伽寺积极持礼道:“罪臣伽寺拜见王姐。”
见到伽寺,伽罗一楞,停步驻留,冷声道:“你来干什么?”话落,她暗做打量,却未註意到飞羽的异样,此刻的她更关註伽寺和他的目的。
伽寺恭顺道:“表弟不过许久未见姐姐,想念姐姐罢。”
伽罗没有理会伽寺,径直上座,面东,示以威仪之势向伽寺质问:“西领主抗旨当以何罪?你在这裏等着是要自首吗?”
伽寺的话,她一个字都不会信。
“姐姐这会儿倒恪尽职守了,人情味却少了点,表弟我千裏迢迢来看您,谈何其他。”伽寺笑脸很是灿烂,几息间还真辨不出真假。
“谈何其他?”
眼见伽罗要发怒,伽寺赶忙陪笑持酒向伽罗起敬,立即有侍人给女王献上一杯酒。
伽罗直接推开酒杯,冷哼道,“人情味这三个字在你嘴裏说出,还真是笑话。”直到这会儿,伽罗才想起正主来,她向飞羽问道:“飞羽,你找我何事?”
“是表弟我托付他联系你的,实怕姐姐怨恨未消,不肯赏脸一聚。”语罢伽寺向着飞羽敬酒微笑道:“不喝吗?”
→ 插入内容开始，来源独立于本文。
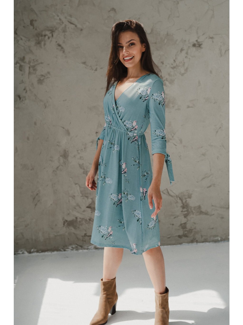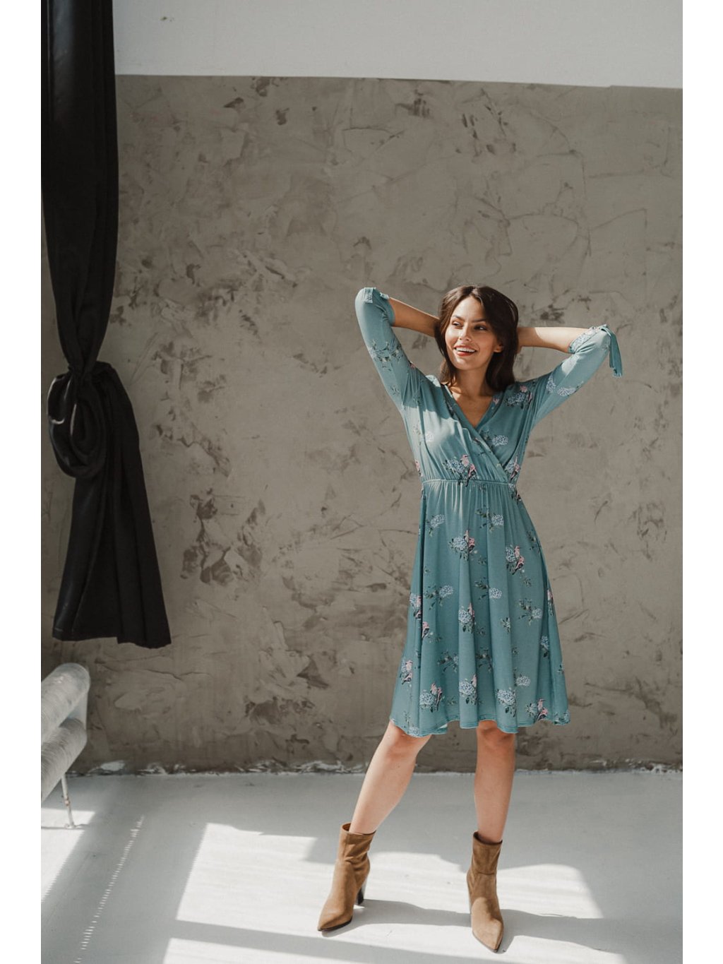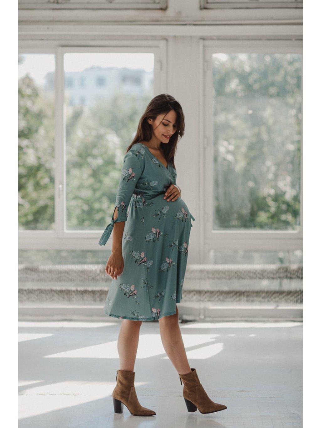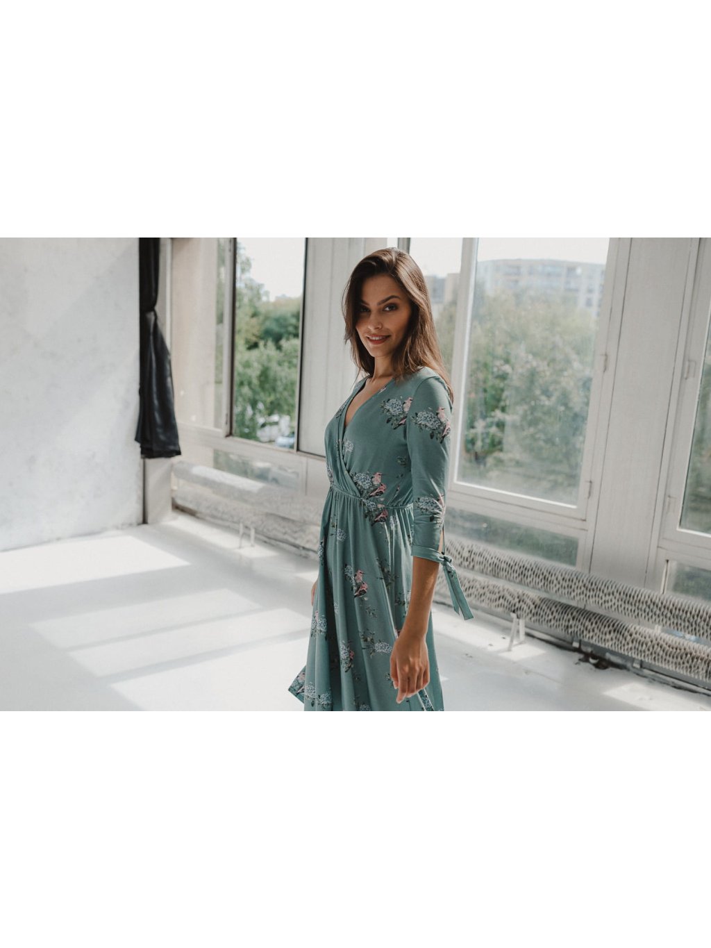 Těhotenské a kojící šaty Two ways MIDI eukalypt hortenzie 3/4 rukáv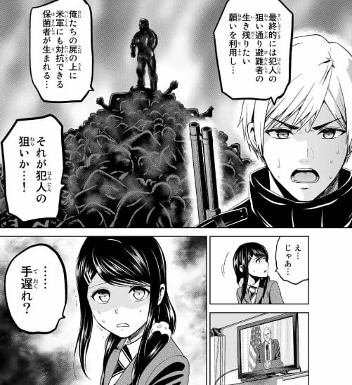 そうして避難民同士の殺し合いの末、生き残った進化情報の塊の新保菌者が、米軍をも返り討ちにできる武力を誇る存在になる。

到这时,飞羽才看了一眼伽寺之前送来的酒,竟还是烧酒。
他下意识的低头看了看自己胸口,那裏附着着吸血虫。
吸血虫,顾名思义,吸取血液。
是旧罗那国时期的产物。
为了制住那些必须出席却又不服自己的人,还特别培育增加了麻痹作用和微量毒素。
一代未用,现在又用在了他的身上。
想来,这场仪式结束后,他也将不覆存在。
现下,伽寺已经拿冰心的性命用做要挟,他想让自己伺机出手帮他去对付伽罗,却仍如此钳制自己。
凭伽寺如此手段,就算他帮了伽寺,伽寺也不会放过小心。
所以,他绝不会帮伽寺对付伽罗。
将心思隐藏,飞羽拿起酒杯一饮而尽。
过场或是自虐,这杯酒他必须喝,目前,还必须按要求走下去。
重伤加酒,咳喘是正常反应,飞羽没有抬头,自然没有看见他身旁黑衣侍卫眼裏的一抹不忍。
见飞羽配合饮用,伽寺无比安心,亦将杯中酒饮尽。
那十将军不过是侥幸活下来的混子。
伽罗才是最难对付的,幸好她受伤之后已不再出手。
只是,想不到当年那样的算计,伽罗居然能活下来,不仅重伤那个人,还捡回来个厉害东西打断他的继位大计!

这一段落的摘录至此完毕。